This article argues that designing tools for agents is different from designing APIs for traditional software. An agent is not a deterministic program that calls an interface the same way every time; it explores, misunderstands, retries, and often finds its own path through a task. Because of that, a good tool should not be a thin wrapper around a low-level API, but a task-oriented interface that helps the agent make progress with less confusion. The name, description, parameters, schema, response format, and even error messages of a tool all shape how the agent behaves. The quality of a tool cannot be judged by intuition alone, so it needs to be tested in realistic, multi-step tasks with metrics like accuracy, runtime, tool calls, token usage, and tool errors.

The Article Is Really About

My main takeaway is this: we used to design APIs for programs, but now we are designing action interfaces for agents.

That changes the problem.

The question is no longer just:

Can this interface be called?

The better question is:

Can an agent use this tool to finish a real task reliably, cheaply, and without wandering through too many unnecessary steps?
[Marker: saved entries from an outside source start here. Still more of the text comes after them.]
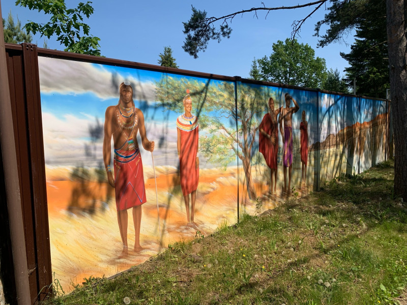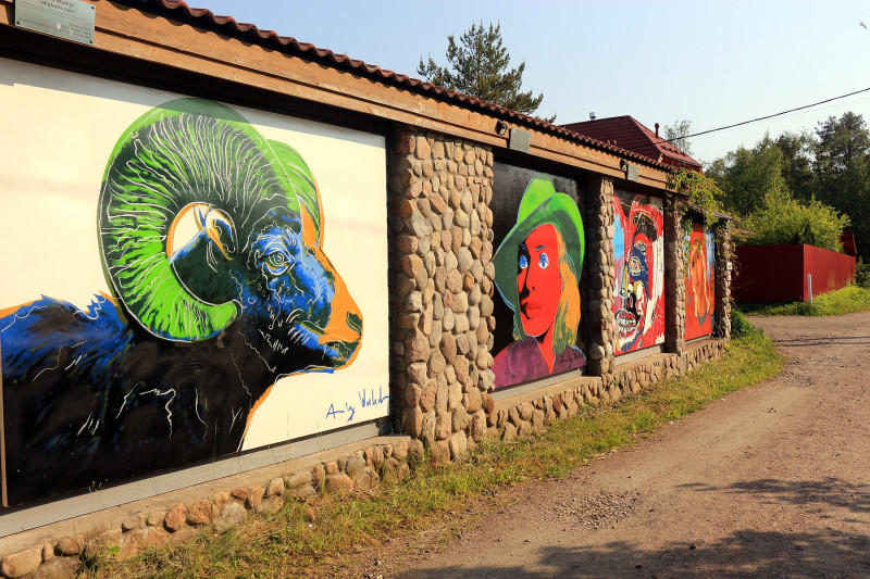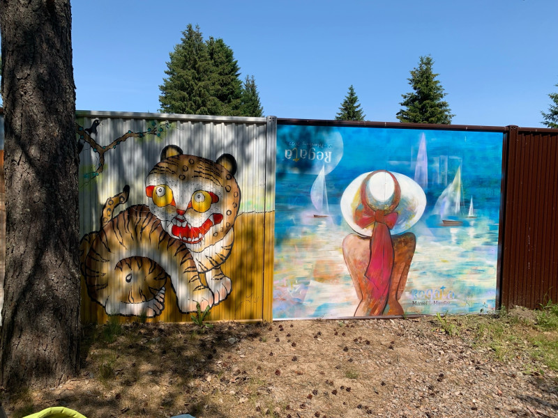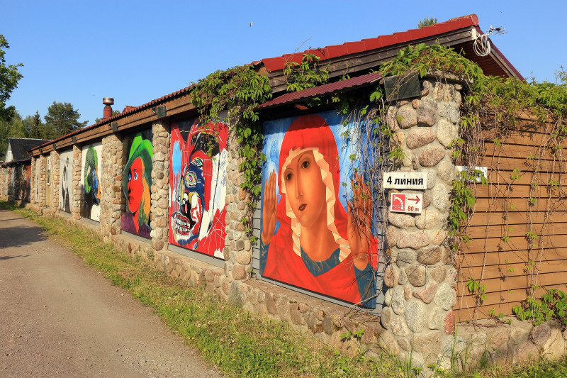В Белоострове, где в детстве у нас была дача.. Хозяин один из дач вот какую красоту по внешнему периметру своего забора сделал.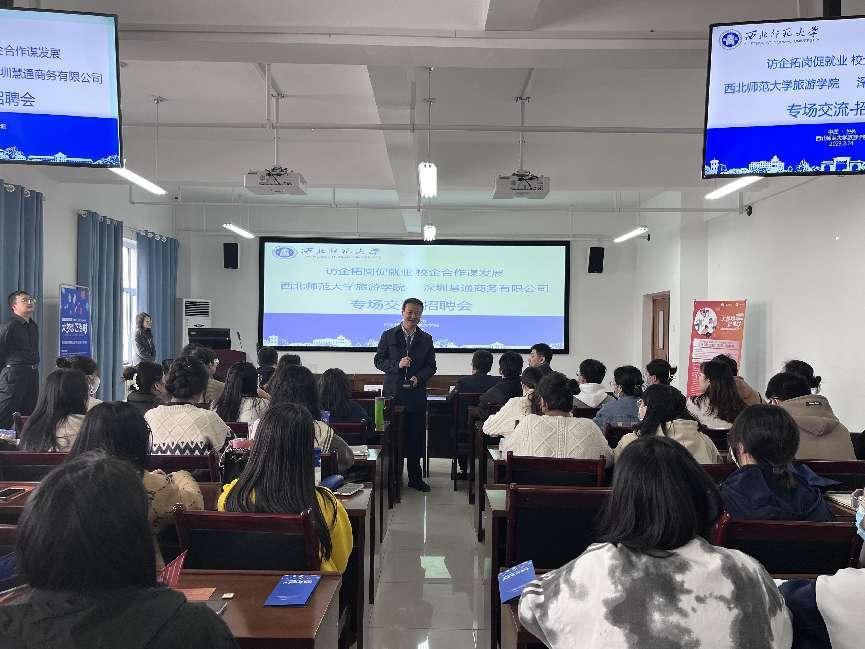 3月14日下午,英国上市365官网开展“访企拓岗促就业 校企合作谋发展”系列活动暨深圳慧通商务有限公司(华为全资子公司)专场交流招聘会,华为终端BG MSS大中华甘肃终端业务部HRD李昱松、甘肃终端业务部直营小区经理王方一行8人应邀来365官网进行专场交流招聘宣讲活动,英国上市365官网党委书记谢致远、党委副书记戴小武、2023届文化产业管理班班主任冯玉新,辅导员鲁梦鸽、赵新帮、李敏以及2023届英国上市365官网全体毕业生参加此次交流招聘会。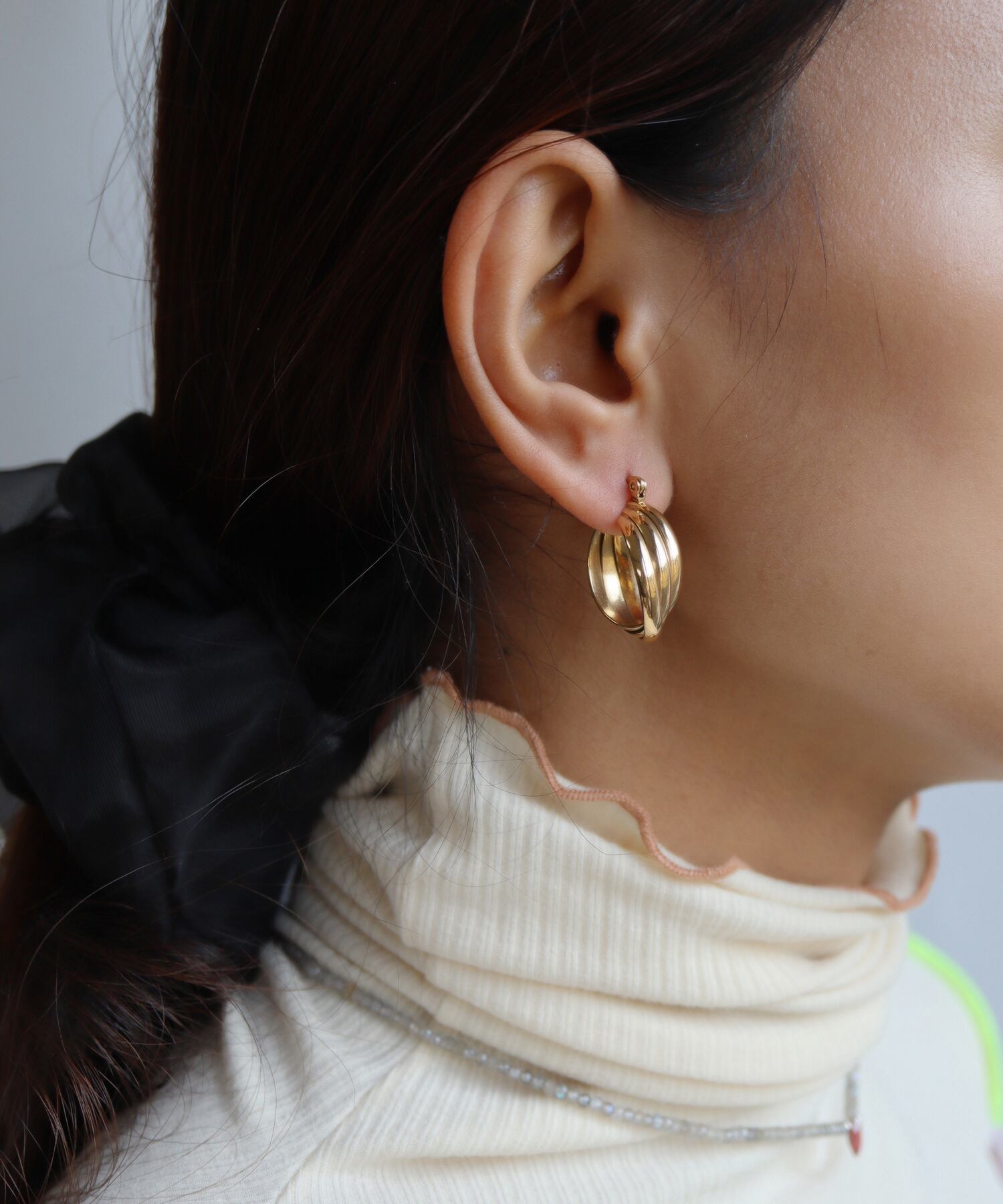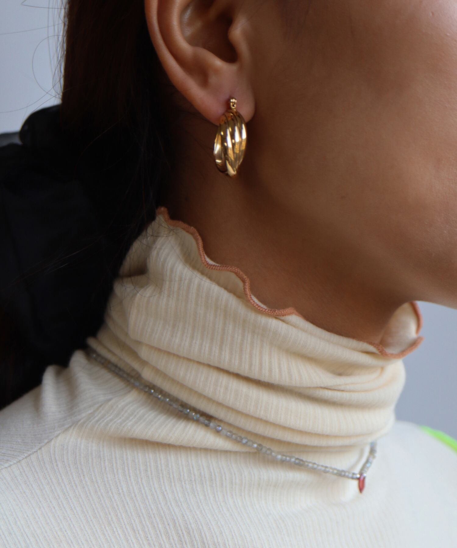 アンティーク調でキュートなフープピアス。

That is the part I find most important. The article is saying that once the user of the interface becomes a non-deterministic agent, the interface itself needs to be designed differently.

Here is one way to think about the shift:

Traditional API	Agent Tool
Designed for programmers or programs	Designed for LLM understanding and decision-making
Low-level, general, composable	Higher-level, semantic, close to a workflow
Returns complete data	Returns the data needed for the next action
Error codes are written for developers	Error messages should help the agent recover
Documentation explains the interface	The tool name, schema, and description are part of the prompt

For example, a calendar and contacts system might expose tools like this:

list_contacts
get_user
list_events
create_event

These make sense to a software engineer. They are clean, simple, and composable.
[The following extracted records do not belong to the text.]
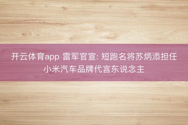 开云体育app 雷军官宣: 短跑名将苏炳添担任小米汽车品牌代言东说念主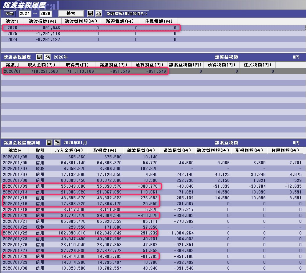 負けも勝ちも記録に残す。出ないと公平でない。負けも勝ちも意味があるものにしたいから、と前置きが長くなりましたが、2026年1月の成績は以下の通りです。マーケットスピードから画像を貼り付けてます。いきなりの大損です。▲891,546です。泣きそうです。(´;ω;`)シクシク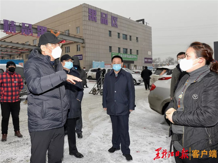 调研途中,王文涛还来到润恒国际食品交易中心,随机查验这家市场防控措施落实情况,向经营业户了解市场每日消杀措施以及个人防护情况。经营业户反映蔬菜供应充足价格基本平稳。王文涛叮嘱市场工作人员和下沉的松北区机关干部,要严格管控好市场,确保市场和人员安全。
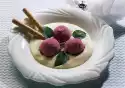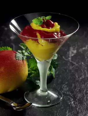 Stir vigorously with a whisk about every half hour. It is best to pre-freeze glasses. Layer mango and raspberry sorbet alternately. Decorate with lemon balm

But for an agent, this design creates a lot of room for waste and mistakes. The agent has to decide which contacts to list, how to filter them, which user fields matter, how to inspect the calendar, how to construct the event, and what to do if any step returns too much or too little information.

A more agent-friendly design might look like this:

search_contacts
schedule_meeting
get_customer_context
search_logs

These tools are not better just because they hide more implementation detail. They are better because they move the most repetitive, error-prone, token-heavy parts of the process into deterministic software. The agent can focus on understanding the user’s intent and choosing the right action. The tool can handle the structured execution path.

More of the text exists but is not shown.